0: Min/Mean/Max reward: 10.0000/21.6033/60.0000
1: Min/Mean/Max reward:  9.0000/23.2035/82.0000
2: Min/Mean/Max reward:  9.0000/26.6779/96.0000
3: Min/Mean/Max reward: 10.0000/31.4453/107.0000
4: Min/Mean/Max reward: 11.0000/32.5410/109.0000
5: Min/Mean/Max reward: 11.0000/39.5644/112.0000
6: Min/Mean/Max reward: 10.0000/42.1700/108.0000
7: Min/Mean/Max reward: 13.0000/45.3700/115.0000
8: Min/Mean/Max reward: 16.0000/49.3800/111.0000
9: Min/Mean/Max reward: 15.0000/52.7400/115.0000
10: Min/Mean/Max reward: 14.0000/61.7400/141.0000
11: Min/Mean/Max reward: 14.0000/65.7400/141.0000
12: Min/Mean/Max reward: 15.0000/66.6500/200.0000
13: Min/Mean/Max reward: 15.0000/82.0900/200.0000
14: Min/Mean/Max reward: 14.0000/96.3500/200.0000
15: Min/Mean/Max reward: 14.0000/114.2600/200.0000
16: Min/Mean/Max reward: 14.0000/126.1600/200.0000
17: Min/Mean/Max reward: 14.0000/141.5400/200.0000
18: Min/Mean/Max reward: 20.0000/150.1000/200.0000
19: Min/Mean/Max reward: 53.0000/157.5700/200.0000


In [9]:
df = pd.DataFrame(data=episode_data)
df

Unnamed: 0,n,episode_reward_min,episode_reward_mean,episode_reward_max,episode_len_mean
0,0,10.0,21.603261,60.0,21.603261
1,1,9.0,23.203488,82.0,23.203488
2,2,9.0,26.677852,96.0,26.677852
3,3,10.0,31.445312,107.0,31.445312
4,4,11.0,32.540984,109.0,32.540984
5,5,11.0,39.564356,112.0,39.564356
6,6,10.0,42.17,108.0,42.17
7,7,13.0,45.37,115.0,45.37
8,8,16.0,49.38,111.0,49.38
9,9,15.0,52.74,115.0,52.74


In [11]:
import sys
sys.path.append("../..")
from util.line_plots import plot_line, plot_line_with_min_max

import bokeh.io
# The next two lines prevent Bokeh from opening the graph in a new window.
bokeh.io.reset_output()
bokeh.io.output_notebook()

In [14]:
plot_line_with_min_max(df, x_col='n', y_col='episode_reward_mean', min_col='episode_reward_min', max_col='episode_reward_max',
                      title='Episode Rewards', x_axis_label='n', y_axis_label='reward')

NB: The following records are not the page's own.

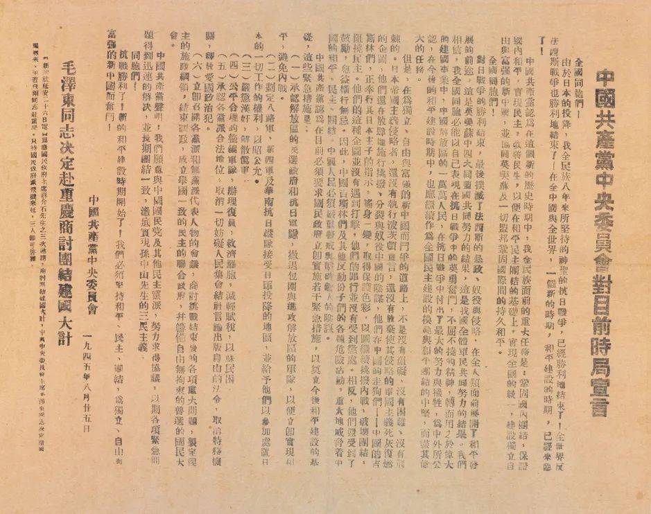 1945年8月25日,中共中央发表《对目前时局宣言》,明确指出全民族面前的重大任务是:巩固国内团结,保证国内和平,实现民主,改善民生,以便在和平民主团结的基础上,实现全国的统一,建设独立自由与富强的新中国。
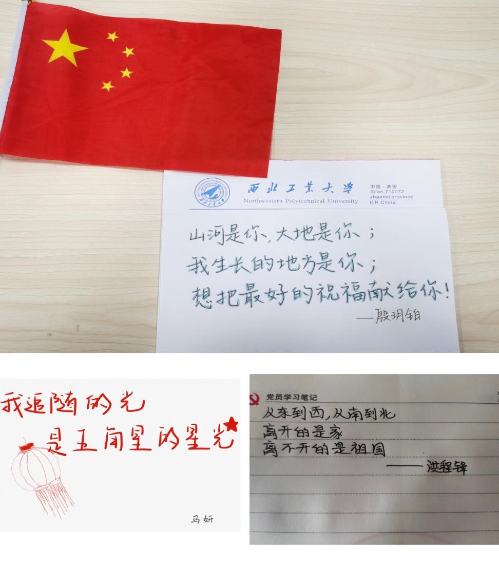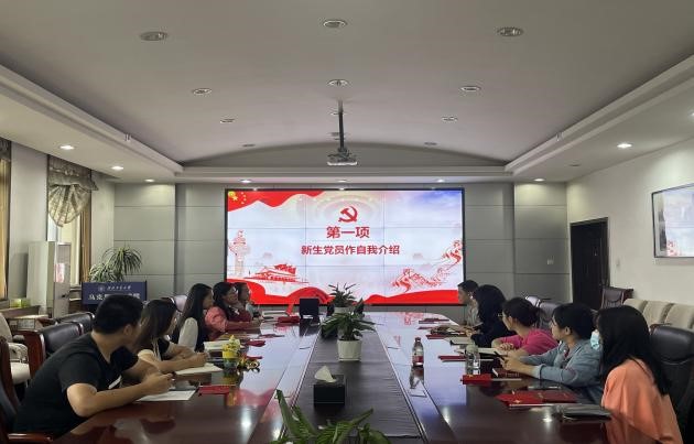首先,新生党员依次进行自我介绍,党支部书记王慧新同志代表支部欢迎各位新生党员的加入。有一种颜色,叫“中国红”;有一种骄傲,叫“五星红旗”;有一种表白,叫“我爱你中国”。在举国欢庆中华人民共和国成立73周年之际,全体党员手举五星红旗,歌唱对祖国的祝福。
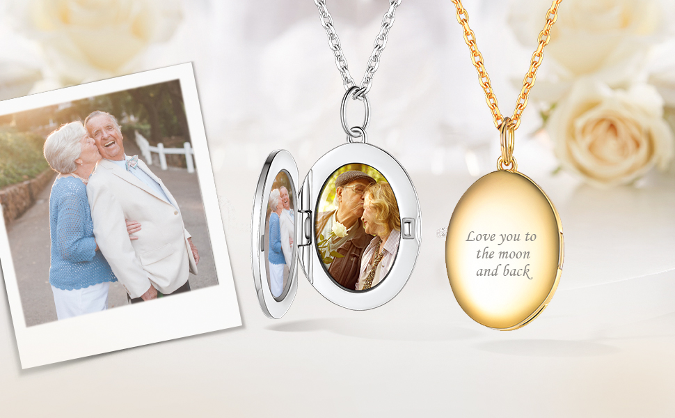 Collier en argent avec médaillon ovale personnalisable, contenant 2 photos. Ajoutez deux images à l'intérieur et gravez votre nom, un texte significatif et une date anniversaire au dos. Un cadeau personnalisé idéal pour montrer votre amour à une personne spéciale dans votre vie !
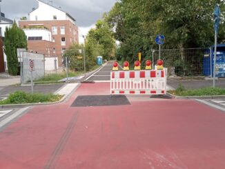 An der Kreuzung von Hoesch-Hafenbahn-Weg überrascht kurz nach der Fertigstellung die erste Aufgrabung. Auf Nachfrage von VeloCityRuhr.Net teilt der RVR mit: Aus bautechnischen und verkehrssicherheitsrelevanten Gründen mussten die Asphaltarbeiten an einer Stelle der Kreuzung „Im Defdahl“ nachgebessert werden. Die Fläche wird anschließend wieder rot markiert.
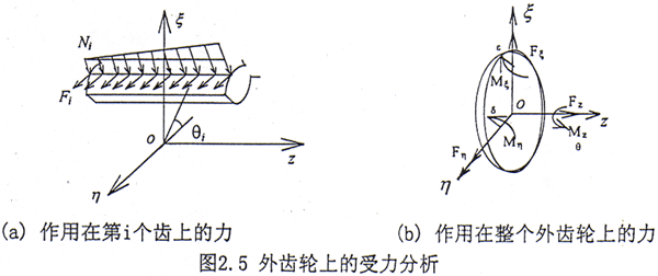齒輪聯(lián)軸器上的受力是比較復(fù)雜的,對于外齒輪而言,除了與聯(lián)軸器連接的軸段對其的作用力外,還有內(nèi)齒套對外齒輪的作用力。轉(zhuǎn)子系統(tǒng)在運(yùn)動(dòng)過程中,內(nèi)外齒輪之間要發(fā)生相對運(yùn)動(dòng),由于齒面間存在變形和摩擦,因此在外齒輪的齒面上會(huì)產(chǎn)生與齒面垂直的正壓力Ni和與齒面相切的摩擦力Fi,見圖2.5a。如果將各齒面上的作用力分別向外齒輪的中心O簡化可以得到作用于O點(diǎn)的一個(gè)力和一個(gè)力偶,并將該力和力偶分別分解到三個(gè)軸上,得到三個(gè)分力Fξ、Fη、Fz三個(gè)力偶矩Mξ、Mη、Mz,如圖2.5b所示。
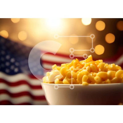 Υπάρχει δυνατότητα προσωποποίησης με δική σας φωτογραφία και προσαρμογής διαστάσεων κατόπιν παραγγελίας. Το συγεκεριμενο puzzle παρουσιαζει Αυτή η εικόνα δείχνει ένα μπολ με μακαρόνια και τυρί με μια αμερικανική σημαία στο φόντο. Το μπολ είναι γεμάτο με κρεμώδη ζυμαρικά και υπάρχουν κουτάλια τοποθετημένα στο τραπέζι δίπλα του, υποδηλώνοντας μια διάταξη σερβιρίσματος. Ένα μοναδικό puzzle που συνδυάζει ποιότητα, αι
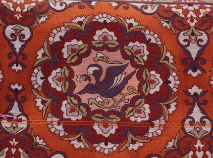 Kunstvoll bestickt, die Motive sind den Jahreszeiten geschuldet, Vögel, Blumenmotive oder viele mehr, für die Betrachter eine Augenweide.
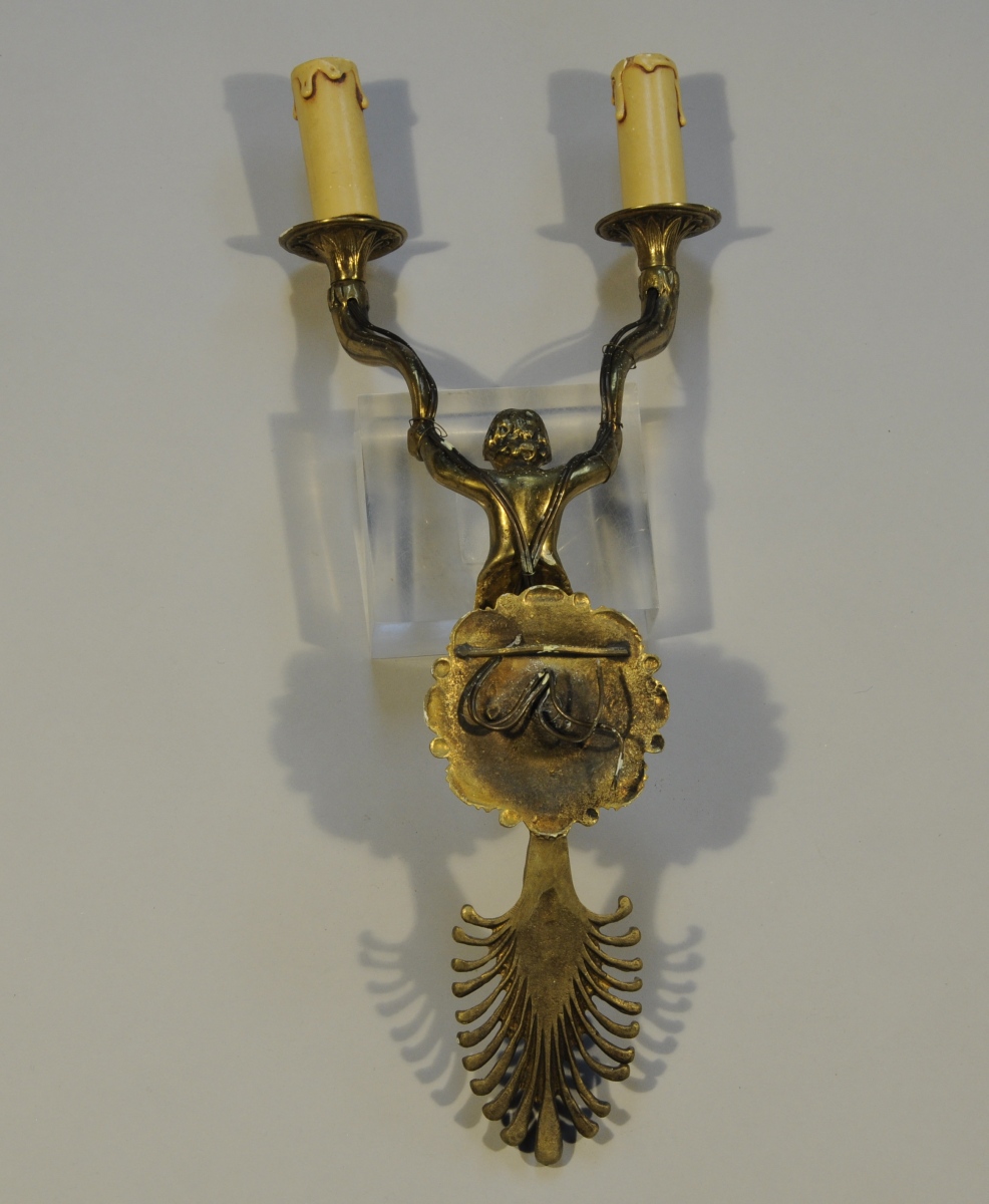 APPLIQUE de style composite en bronze doré figurant un chérubin tenant deux bras de lumière, rosace et palmette ajourée.

([image](../../images/rllib/Cart-Pole-Episode-Rewards-Exercise.png))

Compare this graph with the graph in the lesson, where we used a stronger network:

![](../../images/rllib/Cart-Pole-Episode-Rewards.png)

Note that we only used 5 episodes before. If you compare the graphs at n=4, you see that this execise solution is training more slowly, but it after N=10, the mean reward grows quickly.

Try it again with slightly larger and/or small neural network layers.